I discovered the Charlotte M Yonge Fellowship http://www.cmyf.org.uk/ and am now in contact with other people who appreciate her work, including academics who write clever things about her. Her books are about families, their interactions with each other, and how they, in Christian terms, grow in grace. I don't think there is another writer who can write so well about families. She was a Tractarian, a Christian who, in the nineteenth century, believed that people could be influenced for good by what they read. For this reason, 20th century people found her characters too moralistic, and her prose too turgid. I think her novels are delightful, her characters lovable, and her prose is minutely descriptive. It was said about her that she was 'able to make goodness exciting'. This is a rare talent, perhaps only found in other Christian writers like John Bunyan or Charles Kingsley.
Through the Gutenberg site, Miss Yonge's works are more easily available than ever. She originally wrote for upper and middle class young women. Even though I live a century and a half later, I can recognise her characters in their 'descendants' who live around me, but I sometimes wonder what Chinese, African, or even modern American readers think of her, their own backgrounds so different from the English Victorians.
I enjoy making Gutenberg texts, the work is simple, once you know how to.
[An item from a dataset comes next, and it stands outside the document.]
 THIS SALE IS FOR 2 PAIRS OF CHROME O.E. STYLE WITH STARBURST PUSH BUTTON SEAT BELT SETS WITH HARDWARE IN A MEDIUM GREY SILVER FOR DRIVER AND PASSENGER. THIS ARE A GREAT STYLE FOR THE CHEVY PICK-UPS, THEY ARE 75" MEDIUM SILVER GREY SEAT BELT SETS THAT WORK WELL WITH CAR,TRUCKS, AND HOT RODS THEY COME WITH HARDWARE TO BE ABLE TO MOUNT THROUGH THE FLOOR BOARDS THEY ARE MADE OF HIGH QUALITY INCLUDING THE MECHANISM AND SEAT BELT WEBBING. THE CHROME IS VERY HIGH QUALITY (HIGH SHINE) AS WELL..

I would prefer, however, to see them presented in HTML. The modern ebooks all need to be in HTML format to present nicely on their tiny pages. I believe Gutenberg is going to publish HTML files, I would like to learn how to do it. Eventually, I think Gutenberg files will be available in a format that will work on all PCs, handhelds, palms, and ebooks;--but I don't know what that format is yet, I don't think standards have even been worked out among the ebook publishers.
Finally, yes, I do find mistakes in my published texts. When I have finished all 200+ of Miss Yonge's books, I am going to go through them all for the second time, and remove the mistakes. So, my work is cut out for many years to come. . . .
Suzanne Shell
Over the past several years, I visited the Project Gutenberg website occasionally, looked at what was involved in making a significant contribution to the effort, and left after downloading a few books--PG was a project that would need to wait until I retired.
In the summer and fall of 2002, I was doing research on e-books (sources, devices, costs) for my library, and ran across Distributed Proofreaders. I discovered Blackmask.com at about this time, and also followed a link from there to Distributed Proofreaders. Serendipity! After backing away a few times, I took the plunge and registered on November 5, then began proofing. The however-many-pages-I-wanted-to-proof commitment was just right for letting me get a feel for the process, and to start me thinking of the ways I could exploit all this free labor to get the books _I_ wanted into PG.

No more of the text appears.